Margaret L. Brandeau
Department of Management Science and Engineering
Stanford University
Huang Building, #262
Stanford, CA 94305-4026
Margaret Brandeau is Coleman F. Fung Professor of Engineering at Stanford, Professor of Medicine (by Courtesy), and a CHP/PCOR faculty fellow. She is an operations researcher and policy analyst with an extensive background in the development of applied mathematical and economic models, and a distinguished investigator in HIV. Her HIV research, funded for many years by the State of California University-wide AIDS Research Program and by the National Institute on Drug Abuse, has focused on using mathematical and economic models to assess the value of different HIV and drug abuse interventions.
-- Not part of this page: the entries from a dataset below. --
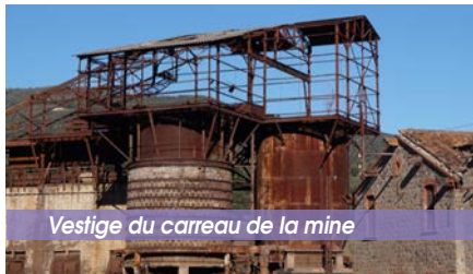
Vestige du carreau de la mine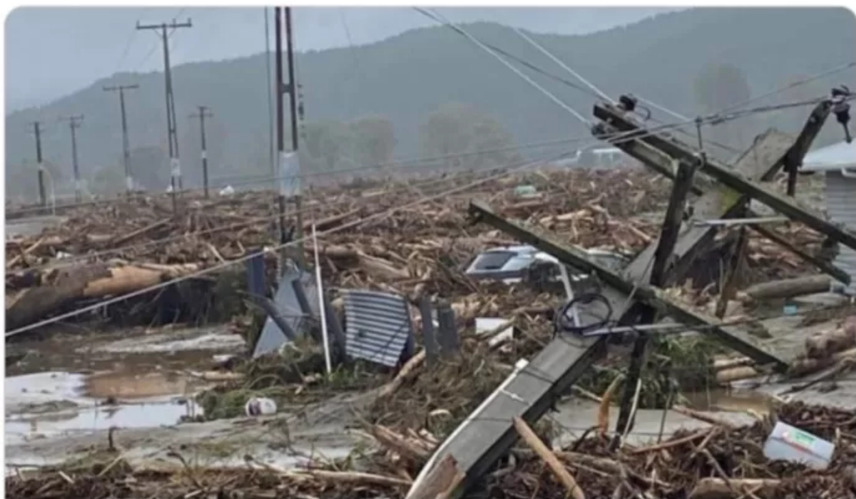
Napier February 2023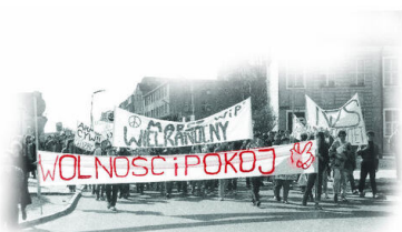
„Marsz wielkanocny”, pierwsza legalna manifestacja opozycyjna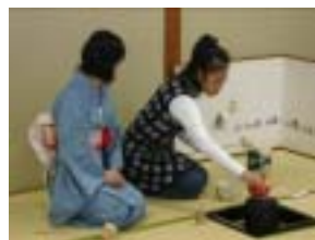
最後のおさらい会では、お点前を披露しました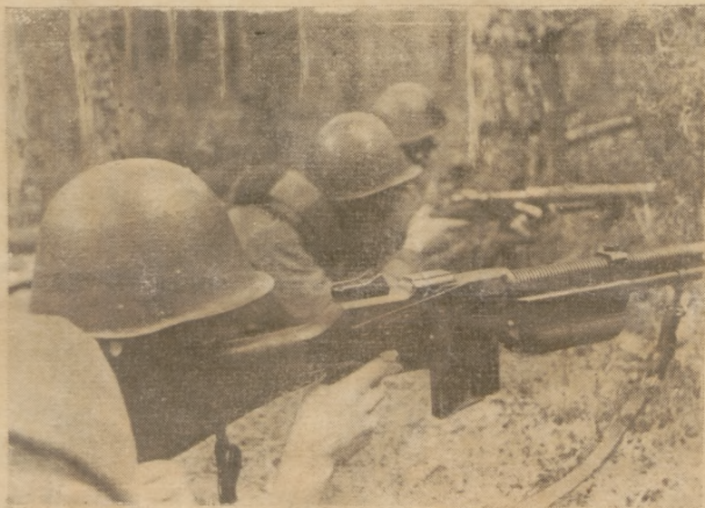
Na stanowiskach ogniowych. (Oddział partyzancki Armii Krajowej w Lubelszczyźnie.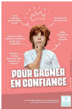
Affiche 1er degré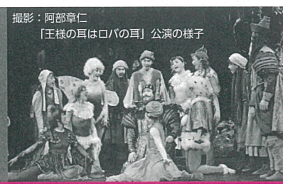
撮影: 阿部幸仁 「王様の耳はロバの耳」公演の様子

「クリスマスチャリティー公演」「チャリティーきゃらばん」は組合員のみなさんから毎月100円ずついただいている「福祉基金」からの寄付金で公演を行なっています。また、エルダークラブ会員、リック会員の有志のみなさん、「ゆうらいふ21」の会員企業・団体・個人のみなさんにもご協力をいただいています。みなさんからいただいた100円がどのようなことに使われているのか見てみませんか。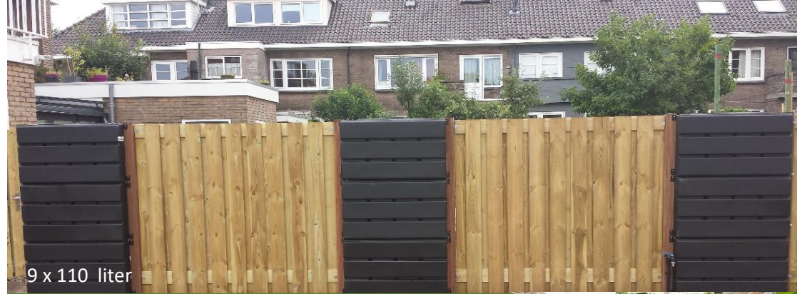
9 x 110 liter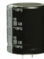
ECO-S2GB331DA Panasonic Electronic Components CAP ALUM 330UF 20% 400V SNAP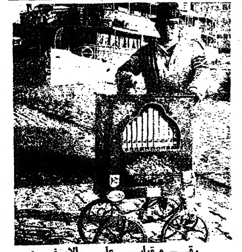
رقم قياسي على الأورغن

ولكنهم جميعاً سجناء . . . المصتص اعينهم بما بين ايديهم وما تحت ارجلهم ، لا يحولونها لحظة واحدة إلى ما فوق رؤوسهم ، أو إلى داخل انفسهم . حيث يستقر عقولهم وتدمم نهايتهم . قد اقلقت ذورهم طرق الغيب : اصمت فصلت ، واظلمت فتمطت . . . وما بقي لهم الا طريق الواقع المسود بالوت . انهم يجهون حساباتهم باصرار ، في الدنيا ان يرفخوا رؤوسهم . . . كالتلنج في المنية وحيدا ، برعوبا ، ويبد وحشته وخوفه بالصفير والفتاة الاجس ، تتجاول اصدائه بين اللسان والاذن والقلب ، وتزيد الظلمة والوحشة والرعب حضوراً وتكثفاً وسخراً ، الا انهم يرفخون رؤوسهم قليلاً . . . ثم يتساوون بينهم وبين انفسهم : ماذا خلقتا ؟ هل التي بنا في هذا

Brandeau has published cost-effectiveness analyses of a variety of HIV and drug-abuse interventions including methadone maintenance, buprenorphine maintenance, HIV screening of pregnant women and newborns, HIV testing and counseling programs targeted to women of childbearing age, and expansion of HIV treatment in Russia and Eastern Europe. She has also published a number of studies on effective allocation of HIV prevention resources. In addition, she co-edited the books Operations Research and Health Care: A Handbook of Methods and Applications (with Francois Sainfort and William Pierskalla, Kluwer Publishers, 2004) and Modeling the AIDS Epidemic: Planning, Policy, and Prediction (with Edward Kaplan, Raven Press, 1994). She has been a Principal Investigator and co-Principal Investigator on three sequential five-year NIDA-funded projects entitled "AIDS and Drug Abuse: Policy Modeling for Better Decisions" that have led to numerous publications and presentations. Recently she has worked in the area of bioterrorism preparedness planning, and on hepatitis B prevention and control.
Professor Brandeau was awarded a 1988 Presidential Young Investigator Award from the National Science Foundation; the 2001 Pierskalla Prize from the Institute for Operations Research and Management Science (INFORMS) for research excellence in health care; the 2008 President's Award from INFORMS for important contributions to the welfare of society; the Best Paper Award from the Society for Computer Simulation; the Eugene L. Grant Teaching Award from the Stanford School of Engineering; and the Graduate Teaching Award from the Stanford Department of Management Science and Engineering. She is a fellow of INFORMS. She received her BS in Mathematics and MS in Operations Research from MIT, and her PhD in Engineering-Economic Systems from Stanford.